Rapid reacquisition may be partially an effect of ABA renewal, whereby an animal (undergoing conditional learning) learns that the initial conditioning trials with the CS-US pairings are part of an original context of conditioning, whereas the more recent presentations of the CS alone are part of the context of extinction. Thus, when CS-US pairings are resumed post-extinction, they put the animal back into the mindset of the original conditioning context, and this contextual cue aids in reacquiring the CR more quickly than the initial learning. As such, rapid reacquisition will be produced when reinforced initial learning trials create a contextual cue, that in future acquisition trials gets activated and brings about the renewal of responding, at a quicker rate than the initial response learning.

The process of extinction is such that trials are not reinforced, so that the CR of the animal declines when presented with the CS.  A situation in which extinction procedures contain both reinforced and non-reinforced trials would weaken reacquisition. This is because, introducing reinforced trials during extinction would result in the reinforced trials being associated both with extinction and conditional learning. This would render the animal less able to rapidly learn again the CR to the stimulus.

Reinstatement
Reinstatement refers to the recovery of conditioned behaviour produced by exposures to the US.  Reinstatement occurs when re-exposed to the US alone, after having undergone extinction. The effect is due to conditioning of the context, such that when the US is presented after extinction, an individual associates it with the original context.

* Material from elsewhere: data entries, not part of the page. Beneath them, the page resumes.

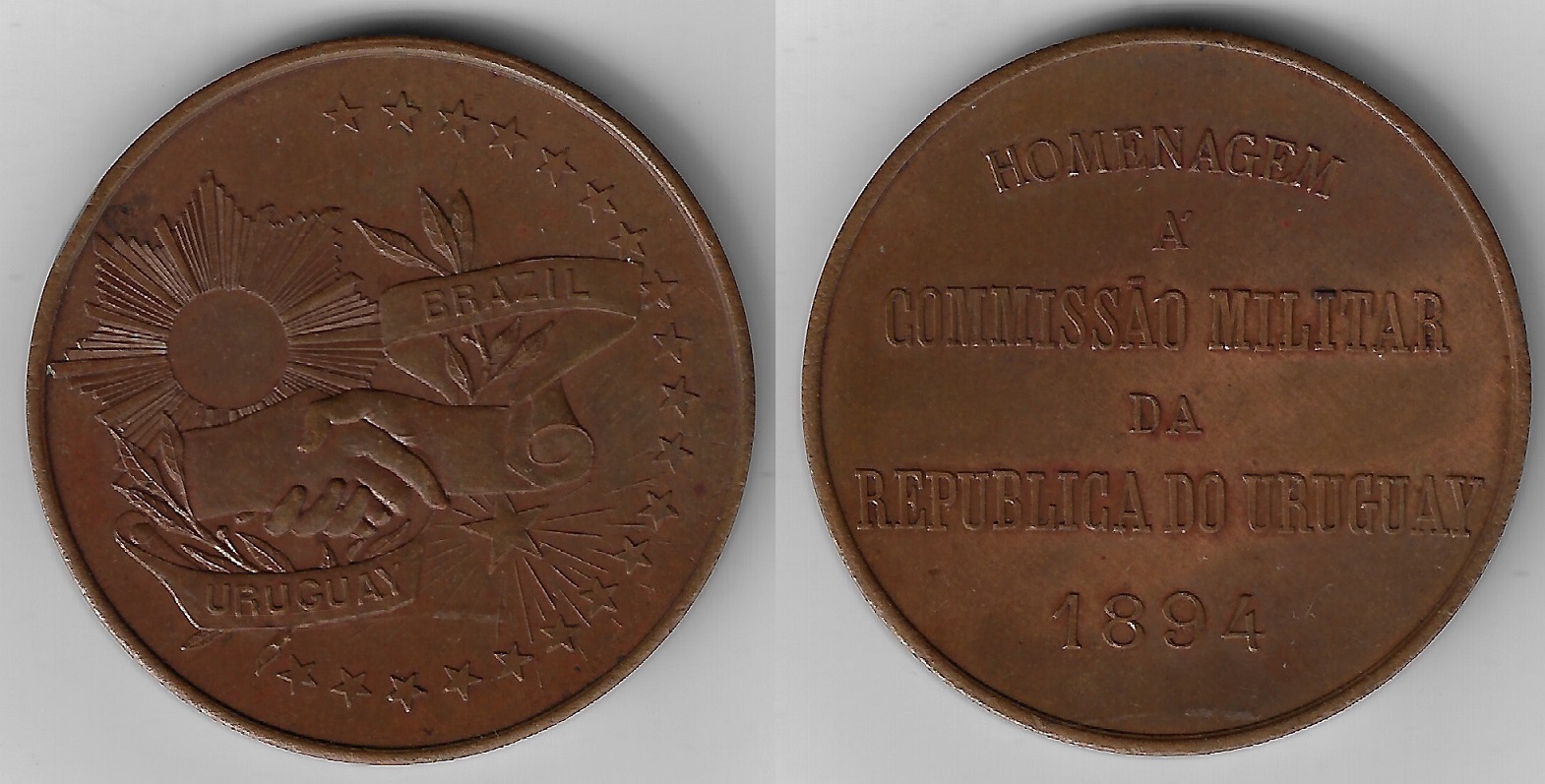 | 80313 | Medalha, 1894, alusiva a Homenagem à Comissão Militar do Uruguai, 25 gramas de Cobre, Ø 39 mm, gravador Carneiro | 390,00 | Foto |
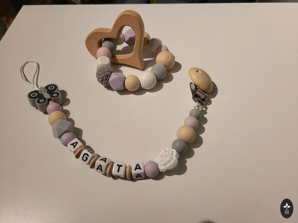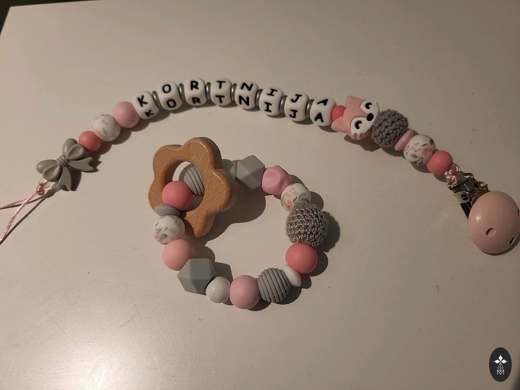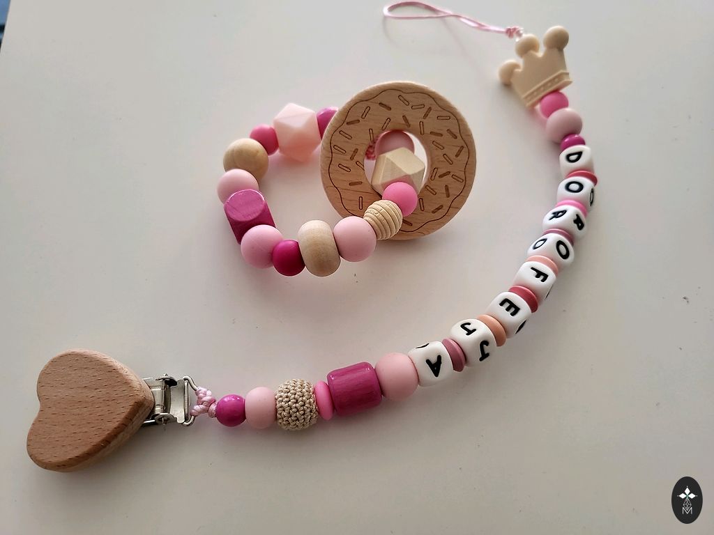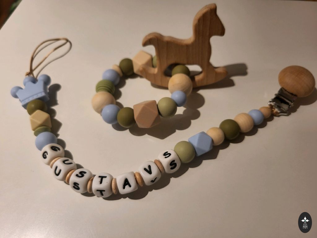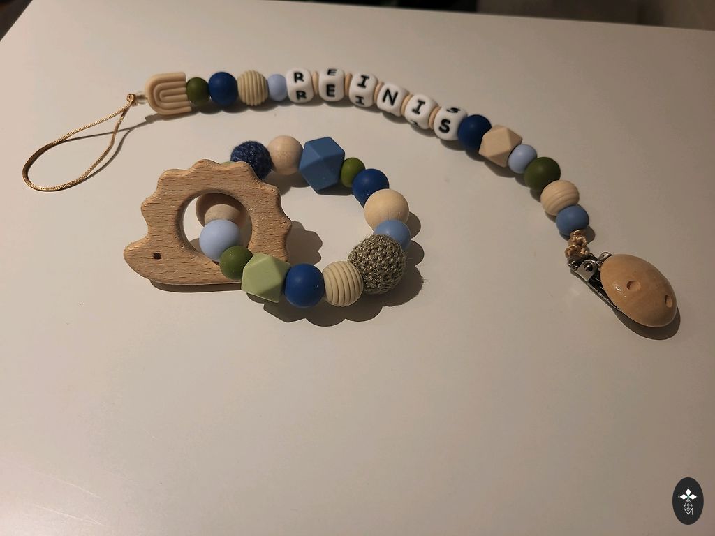 Komplekt sisaldab silikoonist ja puidust hammastumisrõngast, sisseehitatud puidust vormi ja isikupärastatud lutipidikut! Saadaval mitmesugustes värvides.
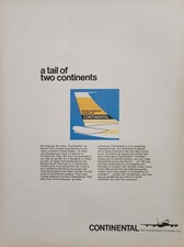 1966 Continental Airways Print Ad Wall Art Decor Ephemera Tail of 2 Continents
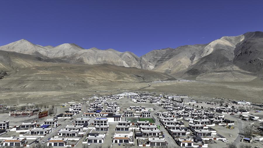 12日、ティンリ県野江村に並ぶ被災者向けの新築住宅。(ドローンから、シガツェ=新華社記者/姜帆)
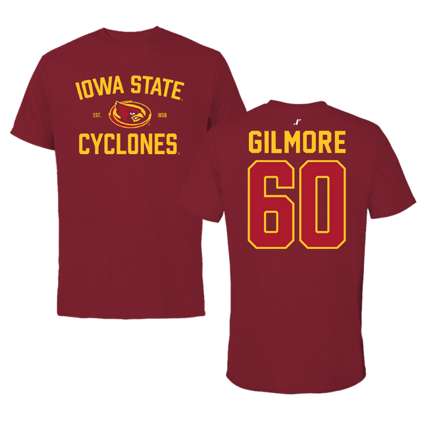 Iowa State University Football Cardinal Tee - #60 Aidan Gilmore
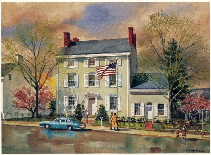 Today, the Federal-style building is listed on the National Register of Historic Places.
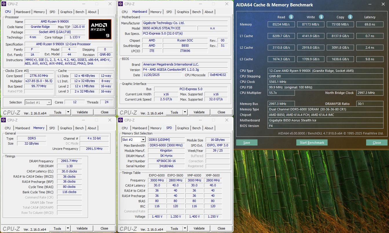 In aceste conditii, sistemul a inregistrat un scor de 1969 puncte in testul Multi Core, un rezultat cu 4,3% mai ridicat fata de cel obtinut in review-ul dedicat procesorului. Pentru evaluarea subsistemului de memorie am rulat AIDA64 Cache & Memory, unde platforma a obtinut o latenta sub 70 ns si viteze de transfer in jur de 85 GB/s, valori excelente pentru un sistem din 2026.
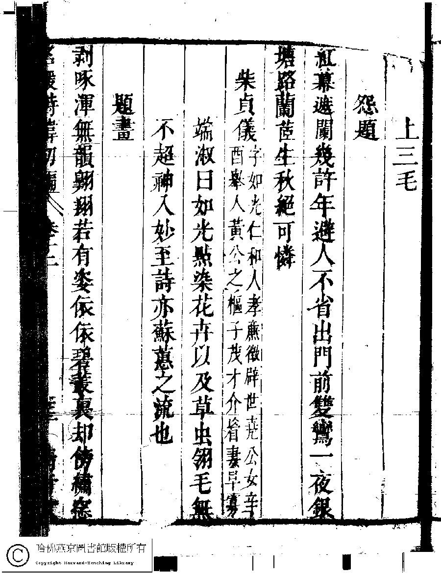 | (PRINT FRIENDLY VERSION) 名媛詩緯初編(清王端淑輯)。清康熙六年(1667)清音堂刻本 ![]() Page : 12.23a | click for larger image | Back |
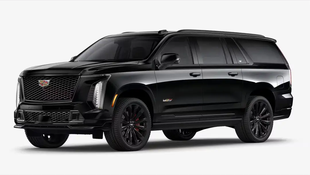 S1G53848165 Black Raven 2025 Cadillac Escalade ESV V-Series +APD DOORS, POWER ASSIST OPEN CLOSE +LT4 6.2L SUPERCHARGED V8, 682 HP AND 885 NM +IVE INFOTAINMENT EXPERIENCE WITH 55 INCH DIAGONAL HD CURVED FRONT DISPLAY +R5D WHEELS, 24 INCH SPLIT 6 SPOKE ALLOY WITH SATIN GRAPHITE AND LASER ETCHED V LOGO +S3I PUDDLE LAMPS, CADILLAC CREST +ST1 TOURING PACKAGE +UAR AUGMENTED REALITY +UQH AKG STUDIO REFERENCE 36 SPEAKER SYSTEM, INCLUDES 3D SURROUND +UV6 HEAD UP DISPLAY +UW9 REAR SEAT ENTERTAINMENT SYSTEM
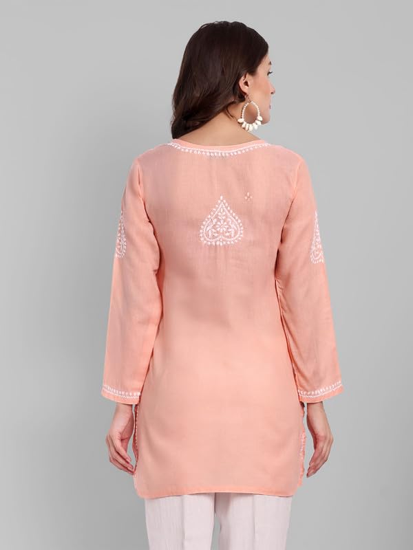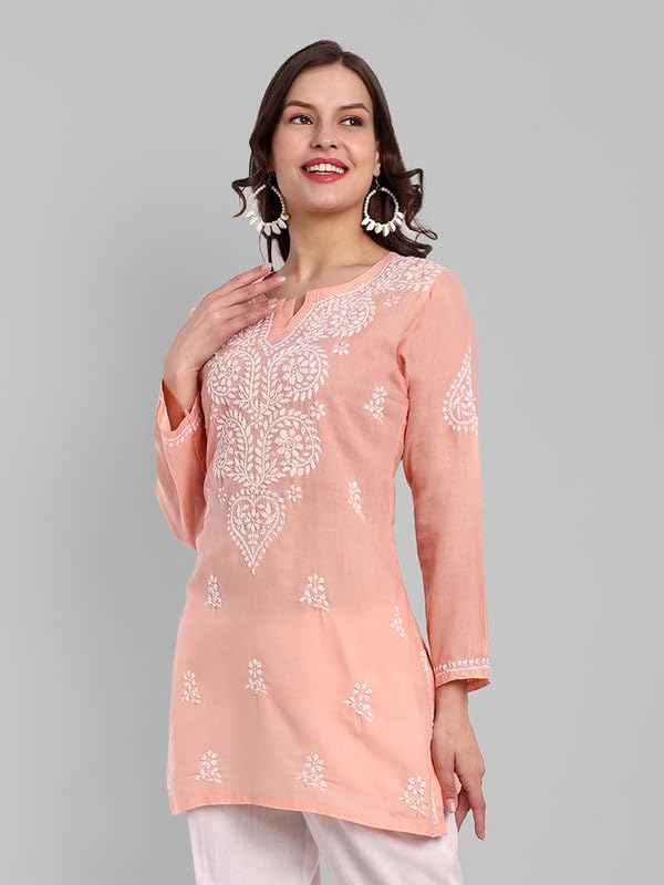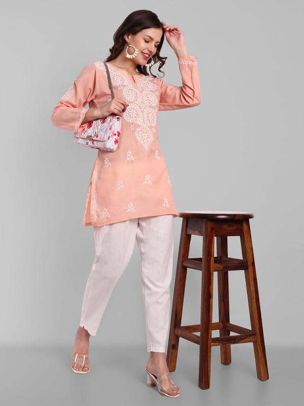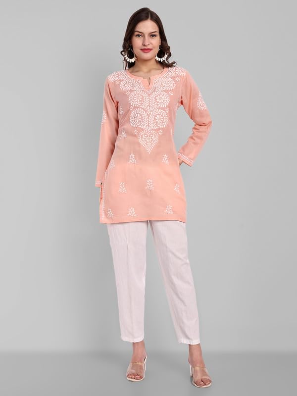Ada Women’s Cotton Straight Fit Straight Hand Embroidered Lucknowi Chikankari Short Kurti Top A911366

Consider an example regarding reinstatement: say you learned an aversion to mangos because you got sick after eating one on a trip. Extinction of the aversion would result if you have frequent instances of eating bits of mangos without getting sick on many occasions. Reinstatement suggests that if you became sick again for some reason, the aversion to mangos would return even if your illness had nothing to do with eating mangos. In this example, after extinction, presentation of the US (the experience of being sick) brings about the conditioned behaviour to be aversive to mangos.

Hypermnesia
Hypermnesia is an improvement in memory that occurs with related attempts to retrieve previously encoded material. Hypermnesia is the net result of reminiscence and forgetting, such that the amount of reminiscence must exceed the amount of forgetting resulting in a net improvement overall. Ballard was the first to observe hypermnesia using a multiple recall task in 1913, the same task with which he discovered reminiscence. After asking young school children to memorize poetry, he initially retested their recall abilities 2 days later only to discover that the class improved by 10 percent over the initial recall level.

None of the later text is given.